Other examples of venerables are Bishop Fulton J. Sheen, Princess Louise of France, Francis Libermann, and Mother Mary Potter.
The 7th/8th-century English monk St Bede was called venerable soon after his death and is still often called "the Venerable Bede" despite having been canonized in 1899.
This is also the honorific used for hermits of the Carthusian order in place of the usual term of "Reverend".
In the Anglican Communion, "The Venerable" (abbreviated as "the Ven.") is the style usually given to an archdeacon.
For a more comprehensive list, see List of venerable people (Eastern Orthodox).
In the Eastern Orthodox Church the term "Venerable" is commonly used as the English-language translation of the title given to monastic saints (Greek: hosios, Church Slavonic: prepodobni; both Greek and Church Slavonic forms are masculine).
A monastic saint who was martyred for the Orthodox faith is referred to as "Venerable Martyr" or hosiomartyr.

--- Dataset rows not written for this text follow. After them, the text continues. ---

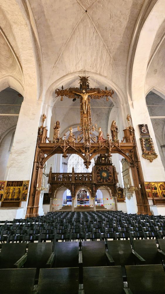 教堂的镇殿之宝“胜利十字架”。它的风格是:耶稣身体挺直, 表情庄严而非痛苦, 手臂展开但不下垂, 身体比例修长, 带着“王者”气质。 这是北德哥特式的典型表达:基督不是被动受难,而是战胜死亡的君王。这是“胜利十字架”,不是“痛苦十字架”。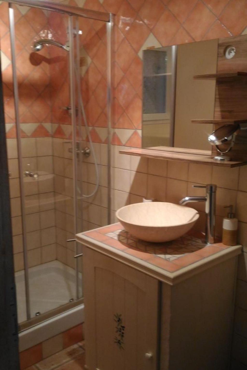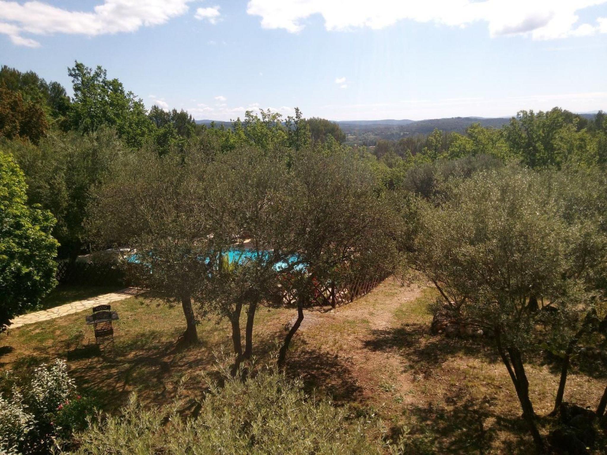Gîte for 4 people (adjoining the owner's house) with private parking (for several cars), covered terrace, kitchen/lounge, 1 bedroom with double bed (on the ground floor), bathroom with shower, separate toilet and 2 bedrooms (with double beds) on the 1st floor with private swimming pool (10 x 5 metres with diving board - depth: 1.20 m on the shallow end and 2.5 m on the deep end) available only to guests of the gîte on 9000 m² of land with several dozen oak and olive trees. The gîte is located 2.5 km from Cotignac, where you will find around fifteen restaurants and several shops. There is a supermarket 1 km from the gîte. The gîte is located 1 hour from the sea and 30 minutes from Lac de Sainte Croix (Gorges du Verdon) and 15 minutes from a river for canoeing and kayaking.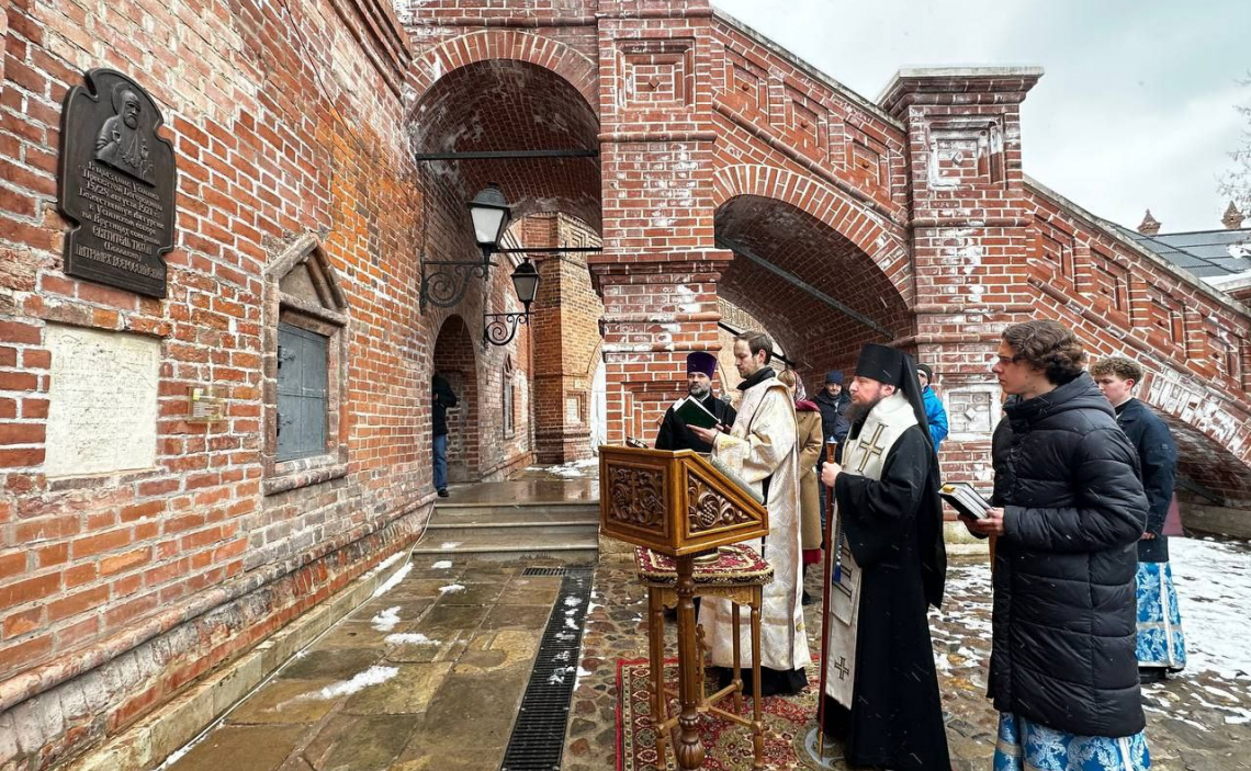 На Крутицком подворье прошло торжественное освящение мемориальной доски в ознаменование 100-летия исповеднической кончины Святителя Тихона, Патриарха Всероссийского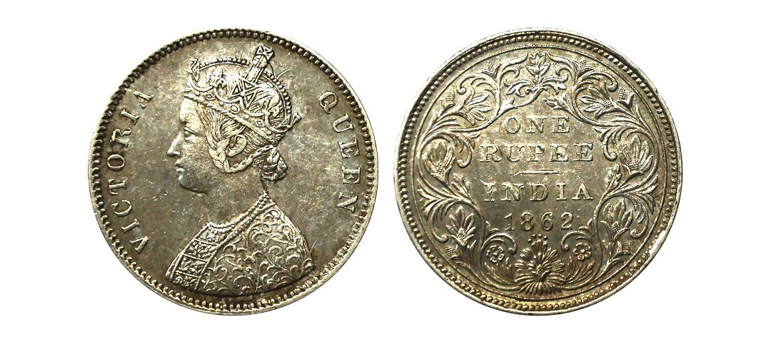 Victoria Queen, Silver Rupee, 1862, A/II, 0/4 dots, Extremely Fine, Very scarce.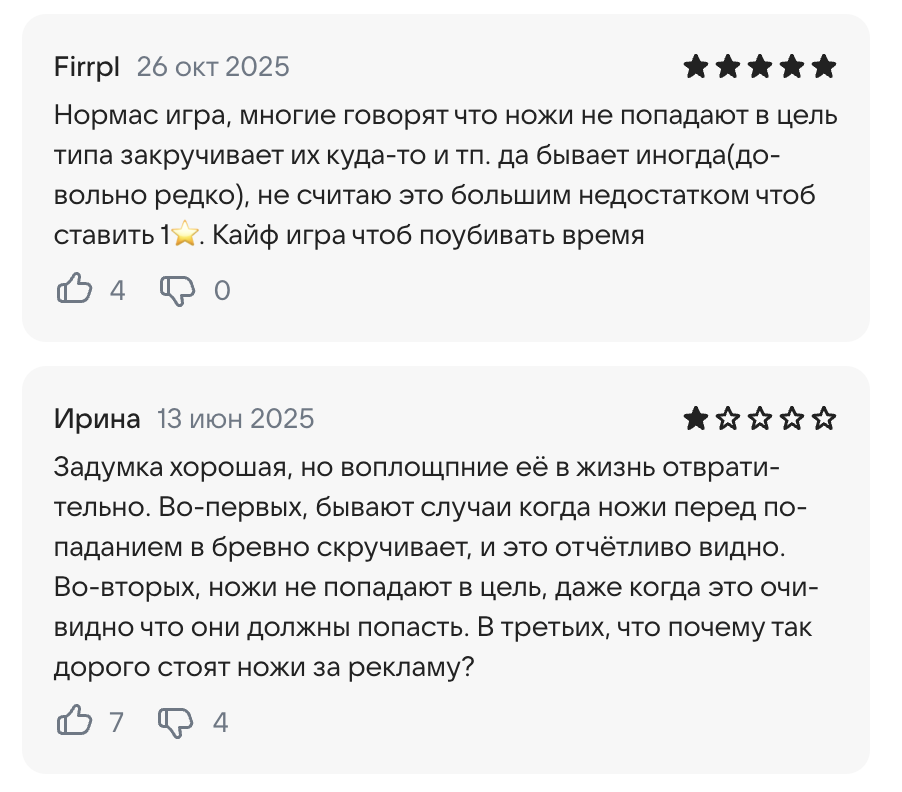Отзывы об игре Knife Hit очень противоречивые и разносторонние. Один из самых частых триггеров — реклама. Пользователи прямо пишут, что рекламы в приложении чересчур много и она мешает. Также некоторые игроки отмечают, что иногда клинок будто уводит в сторону перед самым попаданием. Часть аудитории считает это багом, часть – намеренным усложнением. При этом можно встретить и позитив от игроков.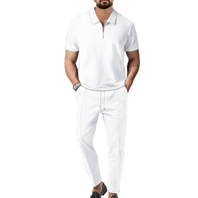 New Men's POLO Shirt 2 Sets Casual Fashion Commercial Breathable Lapel, Pants Pull Rope Solid Color Men 2 Sets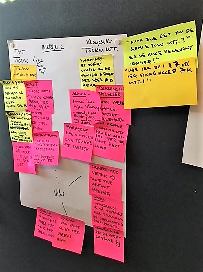 Nå må gruppen/teamet snakke sammen. Lappene skal sorteres etter innhold under kategorier de selv lager.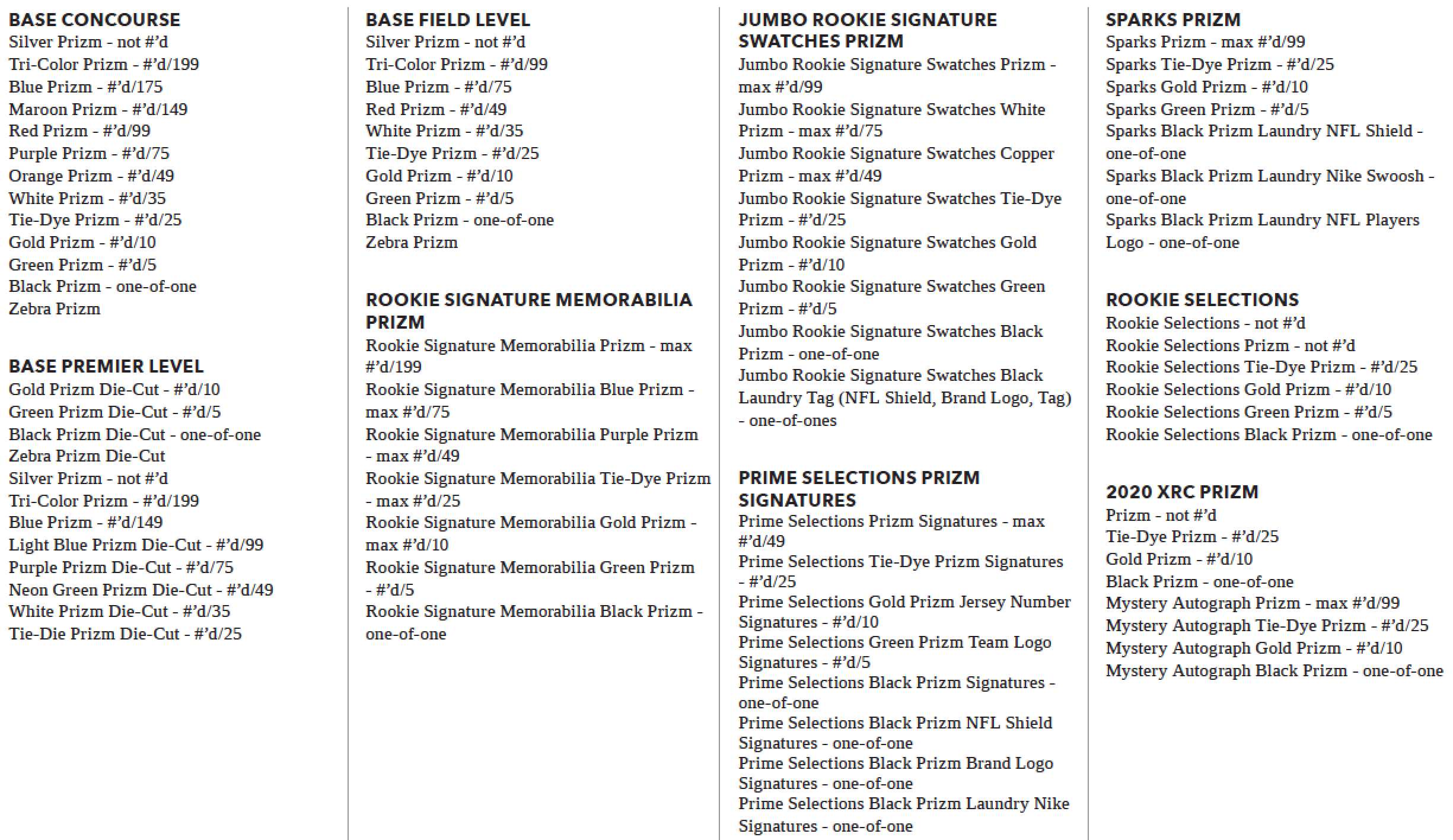 The Basics: Boxes will include 15 Prizms with at least five of those serial-numbered as well as six insert cards, 24 Concourse cards, 10 Premier Level cards and two Field Level cards. The 2020 XRCs will be found in every fourth box or three times per case -- and there will be XRC autograph cards to be found, too. ... Among the auto cards are Rookie Signature Memorabilia, Jumbo Rookie Signature Swatches and Prime Selections Prizm Signatures, while memorabilia sets will be Jumbo Rookie Swatch, Sparks, Select Swatches, Draft Selections Memorabilia and Rookie Swatches. ... The parallel lineups can be seen for everything in the gallery below with new looks for the basics including Concourse Red, Concourse Purple, Premier Level Blue, Premier Level White, Field Level Blue and Field Level White. ... Among the insert cards will be Phenomenon, Snapshots, Sensations and Rookie Selections. ... Boxes will carry a suggested retail price of $150 for this year.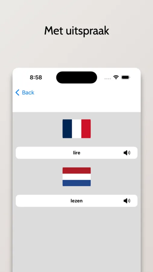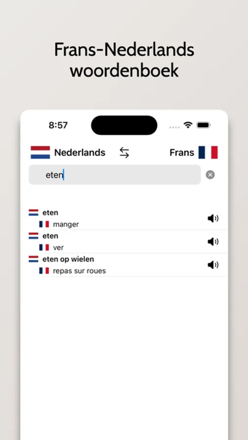 - Uitspraak van het woord in het Frans in de zoeklijst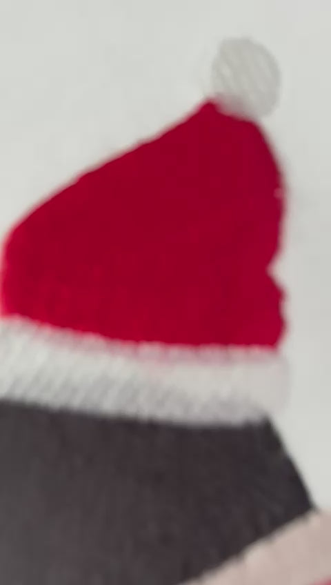A high quality soft pair of pyjamas which are embroidered with a cheeky red hoover design wearing a Christmas hat and personalised with your child's name.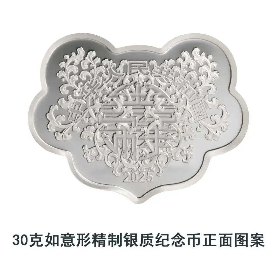 30克如意形銀質紀念幣為精製幣,含純銀30克,外接矩形36毫米×47毫米,面額10元,成色99.9%,最大發行量20000枚。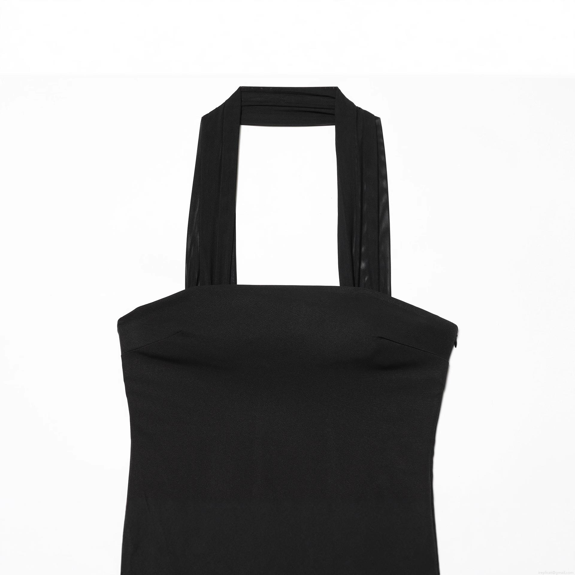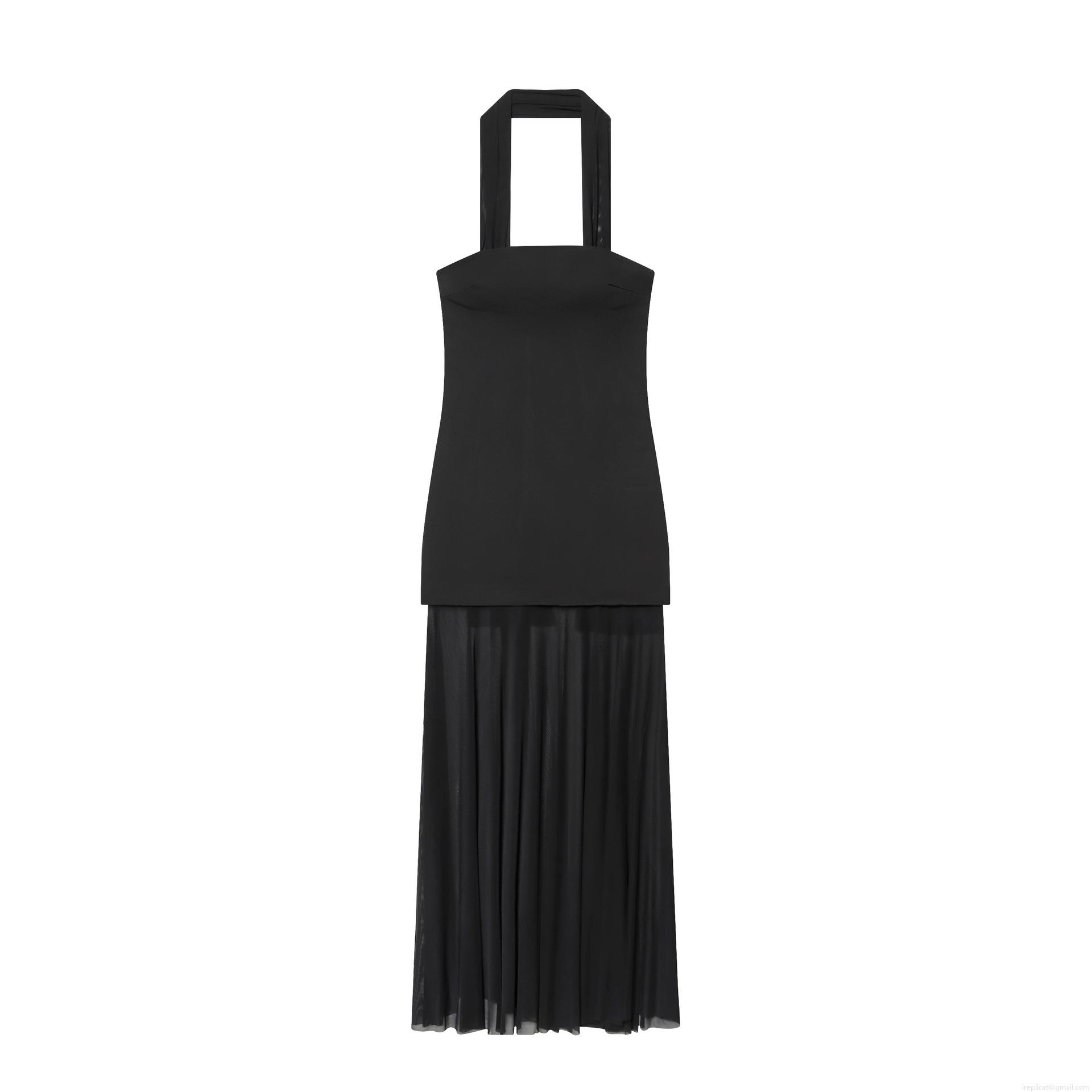 • Women's Halter Neck Maxi Dress Sexy Mesh Patchwork Pleated Sleeveless Backless Elegant Party Long Dress For Ladies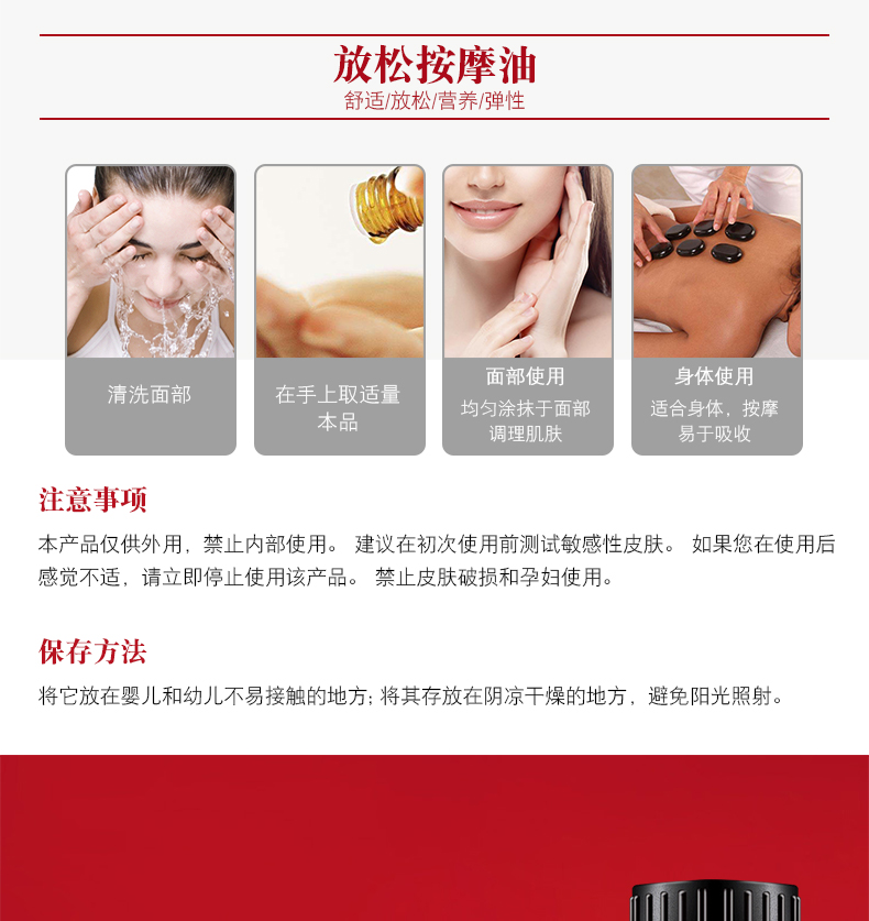 ③均勻涂抹于面部調理肌膚或涂抹身體,按摩易于吸收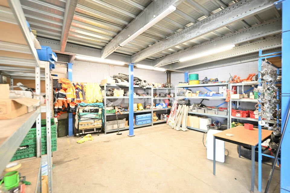 L'atelier est équipé d'une grande porte sectionnelle de 4,50 m (H) x 4,50 m (L), d'une réserve pour l'outillage, ainsi que d'un bureau de production. Une belle hauteur sous faîtage de 6,70 m vous permettra de stocker sur racks.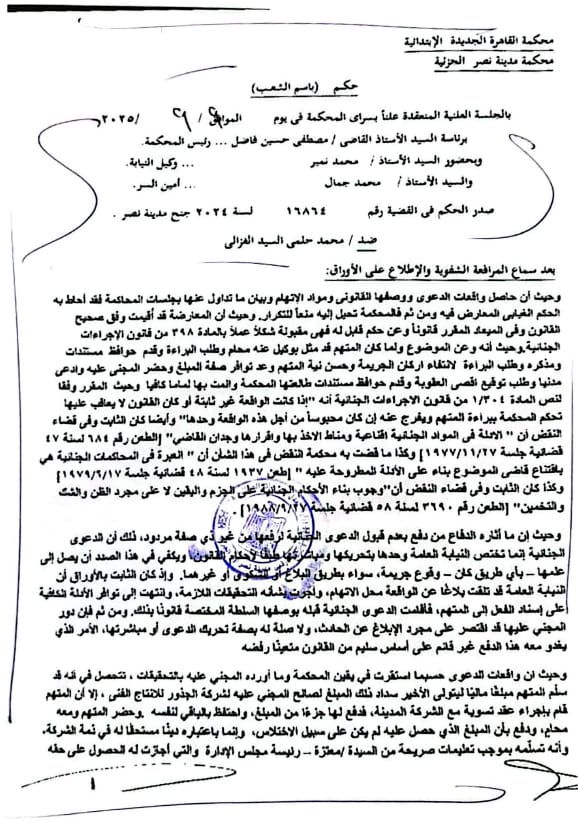 وذكر حلمي ان هذه الادعاءات كذبها رئيس شركة روتانا دبي فور استدعائه للشهادة أمام المستشار المصري مصطفى حسين فاضل رئيس المحكمة الجنائية في الجناية رقم/16864 لسنة 2024 جنح أول مدينة نصر، وهي ذات المحكمة التي سبق وحكمت على «حلمى» بالحبس ثلاث سنوات تلفيق والتي اكتشفت ان جميع التهم بالقضية ملفقة وقضت ببراءة حلمى ورفضت الدعوى المدنية المقامة من مفوضة الامير الوليد بن طلال.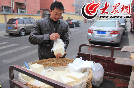 大眾網(wǎng)濟(jì)南2月4日訊(記者 韋輝)“熱豆腐嘍!”臨近年根,家家戶戶在準(zhǔn)備年貨的時候,大魚大肉不能少了,豆腐、年糕這樣的“小菜”也不能沒有。豆腐和年糕由于諧音是“都富”、“年年高”這樣吉祥又有節(jié)日氣氛的名字,春節(jié)期間也成了“搶手貨”。大年三十,是34歲的“豆腐哥”李順昌蛇年出攤的最后一天,這天他賣掉了5筐共350斤的豆腐。

In the 20th century, some English-language Orthodox sources began to use the term "Venerable" to refer to a righteous person who was a candidate for glorification (canonization), most famously in the case of Saint John of Shanghai and San Francisco. This has not altered the original usage of the term in reference to monastic saints.
In Buddhist monasticism, various terms or titles for senior or highly respected monks may be translated as "Venerable", including in Theravada Buddhism Bhante and Mahanayaka (Burmese). In Tibetan Buddhism there is Rinpoche.